Carry Trades

Zinssätze Refinanzierung, Stand: 31. Dezember 2008
USA: 0,00-0,25%
Eurozone: 2,50%
Japan: 0,10%
Grossbritannien: 2,00%
Kanada: 1,50%
Schweiz: 0,00-1,00%
Australien: 4,25%
Neuseeland: 5,00%

Zinssätze Refinanzierung, Stand: 25. April 2008
USA: 2,25%
Eurozone: 4,00%
Japan: 0,50%
Grossbritannien: 5,00%
Kanada: 3,00%
Schweiz: 2,75%
Australien: 7,25%
Neuseeland: 8,25%

Bei Carry-Trades spielen die aktuellen- und insbesondere die zukünftig erwarteten Zinssätze eine herausragende Rolle. Die Zinssätze werden von den jeweiligen Zentralbanken festgelegt. Es handelt sich dabei um die Sätze zur Refinanzierung, d.h. zu welchem Zinssatz sich Banken bei der Zentralbank Geld leihen können.
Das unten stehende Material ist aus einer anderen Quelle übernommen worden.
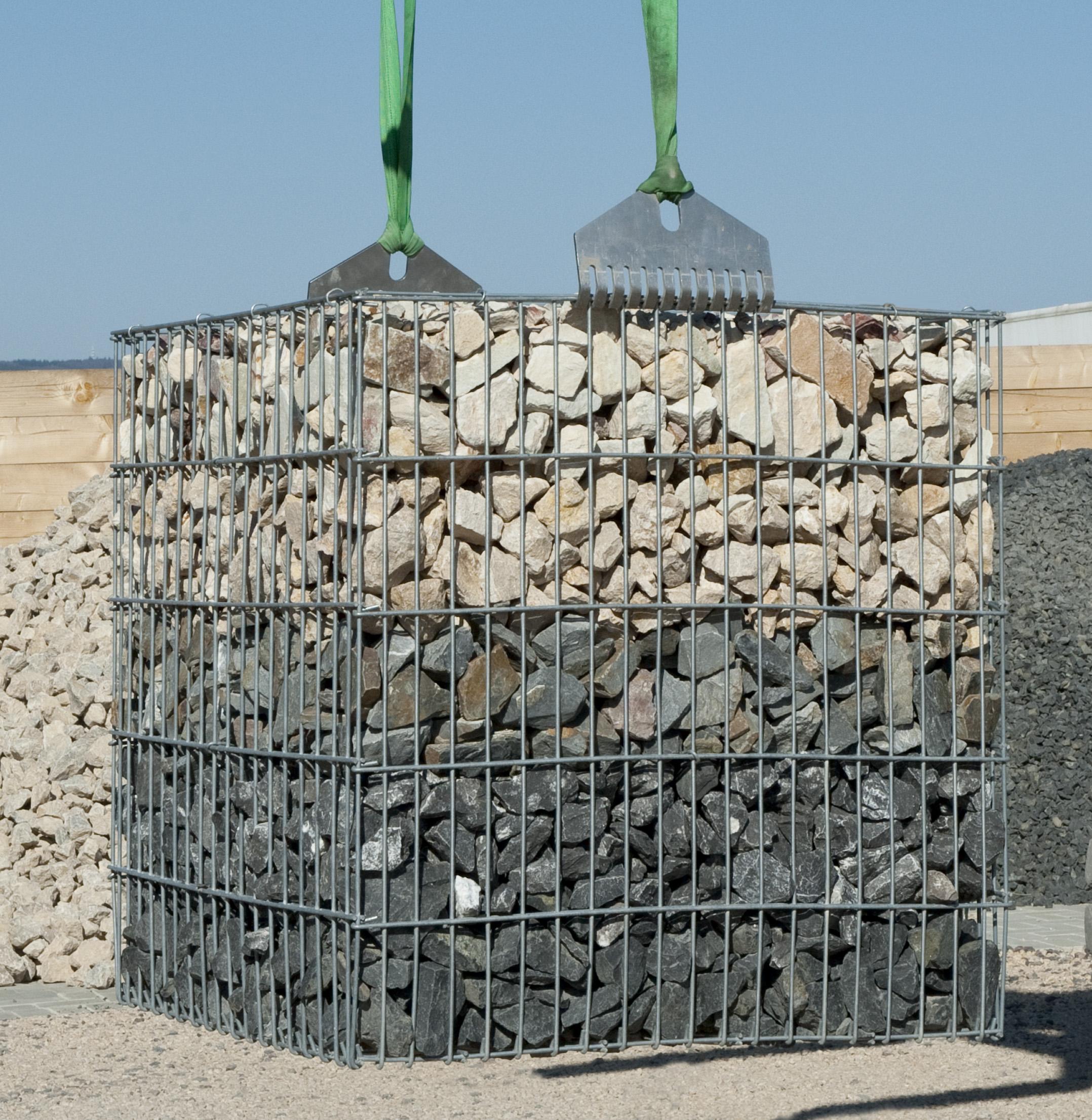 Transportkorven worden gevuld geleverd met ogen om ze makkelijk mee te kunnen verplaatsen. De korven zijn van dikker draad materiaal gemaakt waardoor ze sterker zijn en het transport gevuld met stenen goed kunnen doorstaan. Door de verdichting is de transportkorf bijzonder vormvast.

Die unterschiedlichen Zinssätze werden ausgenutzt, indem man sich in dem Land mit niedrigen Zinssätzen Geld leiht und in dem Land mit den hohen Zinssätzen anlegt. Gemäß Zinssatzparitäten-Theorie sollte es keine Möglichkeit zu Kursgewinnen geben, da die unterschiedlichen Zinssätze durch die Differenz von Kassa- und Terminkurs ausgeglichen werden.

In der FOREX-Praxis sind Carry-Trades jedoch insbesondere bei institutionellen eine beliebte Strategie. Wird erwartet, dass sich Zinsdifferenz zwischen Hochzins- und Niedrig-Zinsland weiter ausweitet z.B. durch Statements der entsprechenden Zentralbanken so macht das Kaufen und Halten der Hochzinswährung durchaus Sinn:

Zum einen werden die Zinserträge gehebelt. Weiterhin wird sich aufgrund der erwarteten Vergrößerung der Zinsdifferenz die Währung des Hochzinslandes gegenüber der Währung des Niedrigzinslandes aufwerten.

Klassisches Beispiel für Carry-Trades ist USD/JPY. Mit steigender Zinsdifferenz wurde der US-Dollar (Hochzinsland)  gegenüber dem Yen (Niedrigzinsland) stärker.